Cristian met us outside the TV studio where he was filming his animal show for kids. He was wearing some kind of safari uniform, a far cry from the flashy shirts and designer clothes he’d worn when he worked in my dad’s tailor shop by day and ran his “life coaching” escort service by night. His escort side hustle saved us from being caught during the heist when Joseph Angelini’s wife turned out to be one of his clients, and Cristian became our “inside man” in every sense of the word.

“What’s this all about?” Cristian asked, kissing me on both cheeks. He was half Portuguese, half Brazilian, and all F-boi, with a degree in zoology and a passion for saving the environment. He’d used his reward money to rent a house with a yard big enough for two rescue dogs and to start production on his dream television show.

“Didn’t you read my message?”

“Yes, but…” He made a vague gesture with his hand toward the studio set. “It sounds like something straight out of a bad movie, and I would know. Apparently, Cristian’s Animal Kingdom was the worst pilot the studios have ever seen. We’re wrapping the second episode tomorrow and then we’re shutting it all down. I’ve got no money left, so I’m going back to my escort and life-coaching business to make ends meet. I even had to rehome my rescue dogs so I could move into a more compact space. They’re much happier out in the country.”

“I’m sorry it didn’t work out.”

Cristian sighed. “I thought that money would change my life forever.”

“We all thought that. Maybe we dreamed too big.”

After a few last-minute words with his director, Cristian joined us in the car, squeezing into the back of Emma’s Chevy Bolt EV with Chloe and Anil. He and Emma had often clashed over his views about saving the environment and Emma’s determination to fill it with ozone-destroying pollutants from the vehicles she loved to drive.

“I am honestly shocked that you’ve gone electric,” he said after they’d exchanged greetings.

Emma sniffed. “It wasn’t by choice.”

Cristian leaned back in his seat. “Any of you ladies currently single?”

“Chloe’s still with Gage,” I said. “Should I call and tell him you just asked her out? He might leave you with one or two working fingers.”

“Chloe is out,” he said. “How about you? Are you still with Jack?”

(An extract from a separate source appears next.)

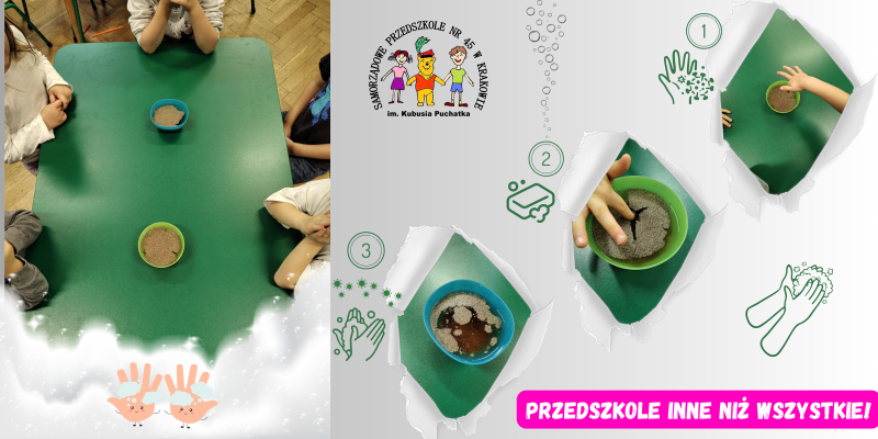 Z okazji Światowego Dnia Mycia Rąk, grupa Tygrysków wysłuchała wiersza poświęconego higienie i czystości rąk. Następnie wspólnie przeprowadziła prosty eksperyment, który pokazał, jak mydło pomaga usuwać brud i bakterie. W trakcie zajęć odbyła się również rozmowa o tym, dlaczego regularne i dokładne mycie rąk jest tak ważne dla zdrowia. Dzieci chętnie dzieliły się swoimi doświadczeniami i utrwaliły prawidłowy sposób mycia rąk. Niniejsze zajęcia odbyły się w ramach realizacji projektu edukacyjnego „Bezpiecznie i zdrowo z Małpką Iwoną”.

“No, but I’m taking a break.”

“I’m taking a break, too,” Emma said when his gaze slid to her. “I just broke up with a dude who lost a certain body part while operating some heavy machinery. I went to see him in the hospital to tell him it was over for reasons of abject stupidity. I mean, what was it doing out there in the first place? There’s a time and a place, is all I’m saying.”

“Was there anything left?” Anil asked, his face a mask of horror.

“Yeah, but I wasn’t into the whole frankenwiener thing. Size does matter. I learned that from Rose.” She looked over at me as she started the car. “What does Rose have to say about this whole thing?”

“I haven’t had a chance to share everything with her,” I said. “She took an acrobatics-for-seniors class after our heist and landed a job on a cruise ship as the evening entertainment. She’s somewhere in the Caribbean with terrible cell service, and all I got in response to my message was permission to use the garage and a promise that she’d call when she got into the next port.”

Emma’s engine gave a quiet hum as she pulled out of the parking lot. “I hope you’re planning another heist with some serious cash,” she said. “I need to get rid of this environment-saving piece of tin and get a Hummer.”

“No one needs a Hummer,” Cristian spat out. “Do you know how bad they are for the environment?”

“Yes, I do.”

“And…?”

Emma looked at him through the rearview mirror. “You’ll get the very first ride.”